----- Given records -----

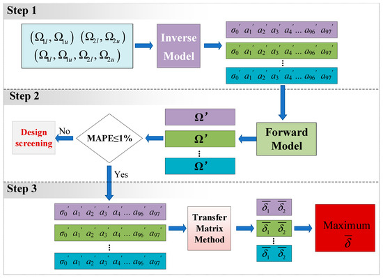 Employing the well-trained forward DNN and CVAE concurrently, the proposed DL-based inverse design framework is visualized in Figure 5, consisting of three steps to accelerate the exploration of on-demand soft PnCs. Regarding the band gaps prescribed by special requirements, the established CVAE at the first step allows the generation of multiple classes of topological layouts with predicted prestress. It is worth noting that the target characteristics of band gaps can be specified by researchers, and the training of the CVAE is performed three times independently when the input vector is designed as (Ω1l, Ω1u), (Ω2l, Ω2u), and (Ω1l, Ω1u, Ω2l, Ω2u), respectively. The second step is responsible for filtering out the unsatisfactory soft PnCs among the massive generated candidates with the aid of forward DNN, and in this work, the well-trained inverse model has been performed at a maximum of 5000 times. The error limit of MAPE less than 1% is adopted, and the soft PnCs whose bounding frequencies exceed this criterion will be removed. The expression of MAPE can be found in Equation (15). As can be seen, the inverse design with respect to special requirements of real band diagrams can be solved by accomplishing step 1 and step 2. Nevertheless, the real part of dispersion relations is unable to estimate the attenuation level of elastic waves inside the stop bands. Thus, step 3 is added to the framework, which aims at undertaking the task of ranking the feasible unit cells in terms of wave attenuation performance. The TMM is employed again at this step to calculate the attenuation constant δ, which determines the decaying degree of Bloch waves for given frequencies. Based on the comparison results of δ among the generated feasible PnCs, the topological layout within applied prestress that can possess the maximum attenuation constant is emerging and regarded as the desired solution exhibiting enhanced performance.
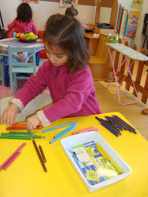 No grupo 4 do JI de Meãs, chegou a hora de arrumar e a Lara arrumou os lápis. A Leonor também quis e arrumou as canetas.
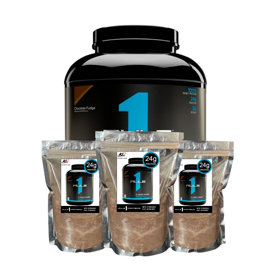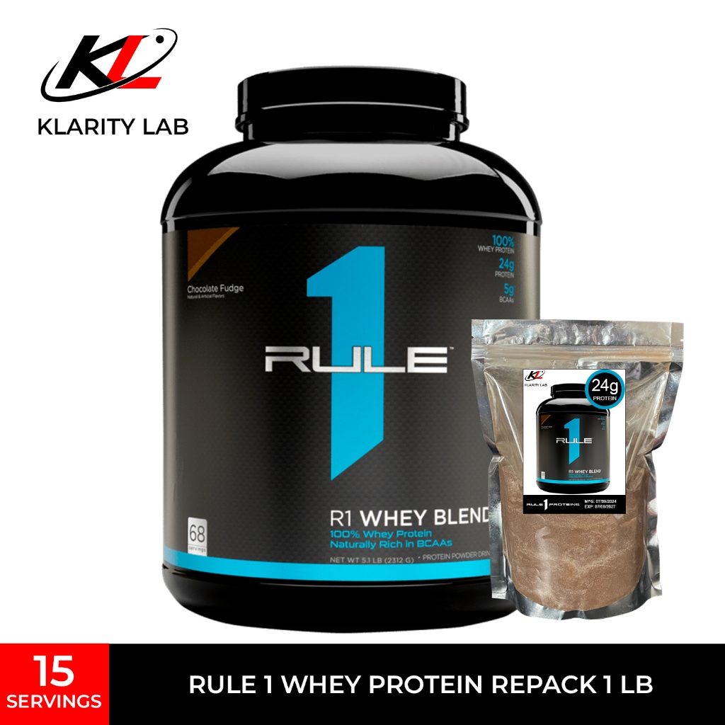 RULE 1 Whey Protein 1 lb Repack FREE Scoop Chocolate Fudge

-----
----- Given records -----

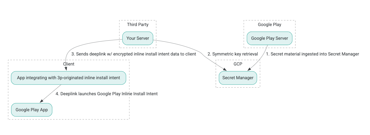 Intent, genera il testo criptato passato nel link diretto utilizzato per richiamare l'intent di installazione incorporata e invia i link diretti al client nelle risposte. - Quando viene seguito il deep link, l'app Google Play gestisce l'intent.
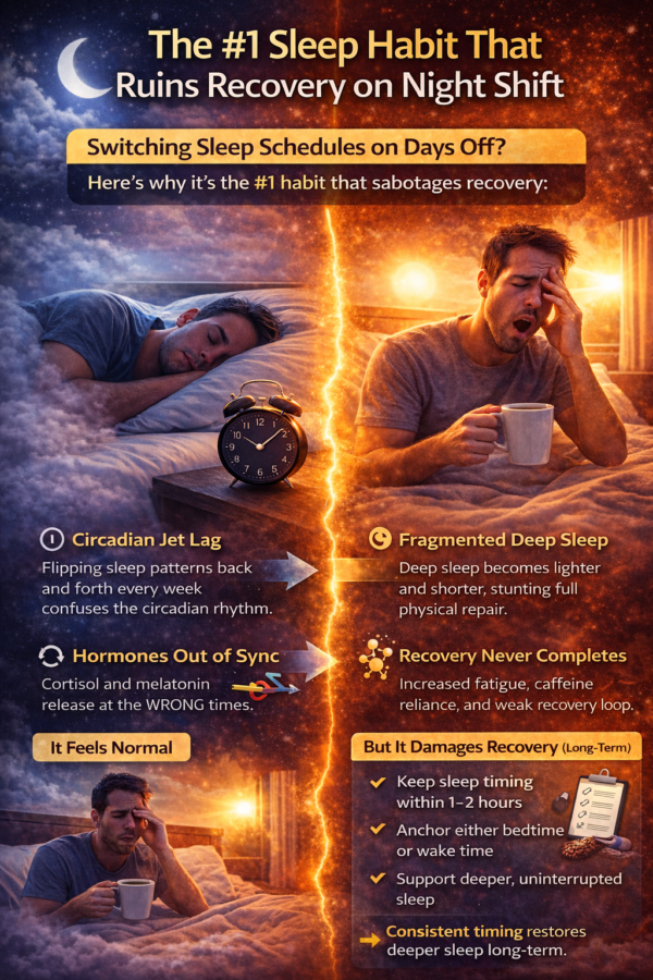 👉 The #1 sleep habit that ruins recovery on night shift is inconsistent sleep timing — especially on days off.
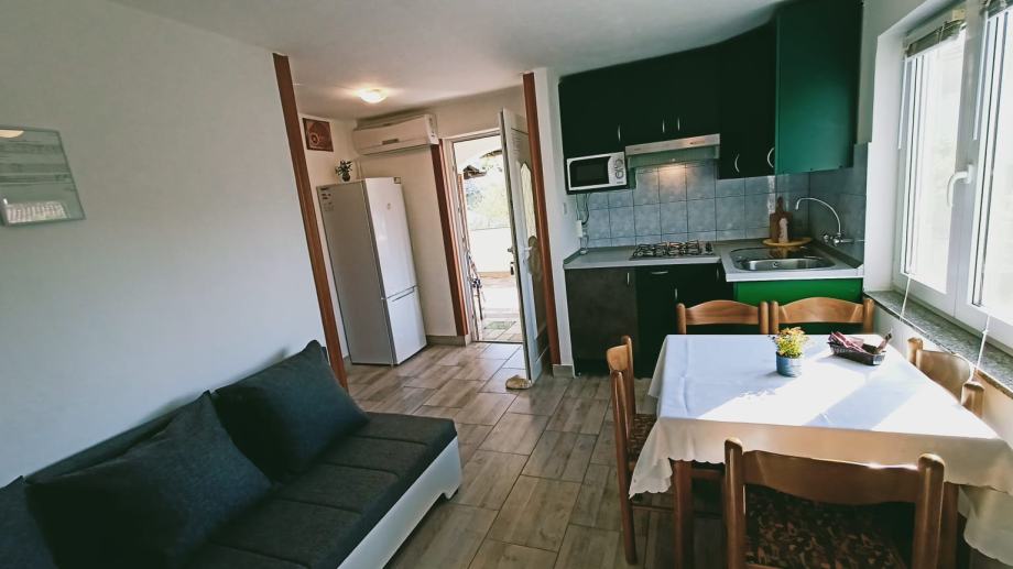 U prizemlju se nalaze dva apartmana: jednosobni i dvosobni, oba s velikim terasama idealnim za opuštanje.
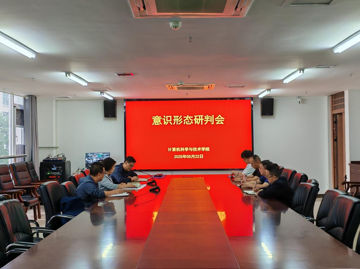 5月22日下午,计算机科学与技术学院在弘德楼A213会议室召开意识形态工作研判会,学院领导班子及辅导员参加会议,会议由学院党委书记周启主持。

-----

*Directions*. Leaving out each picture, repeat exactly the lines above from the one that contains "No grupo 4 do" through the one that contains "RULE 1 Whey".

*Task answer*.
 No grupo 4 do JI de Meãs, chegou a hora de arrumar e a Lara arrumou os lápis. A Leonor também quis e arrumou as canetas.
 RULE 1 Whey Protein 1 lb Repack FREE Scoop Chocolate Fudge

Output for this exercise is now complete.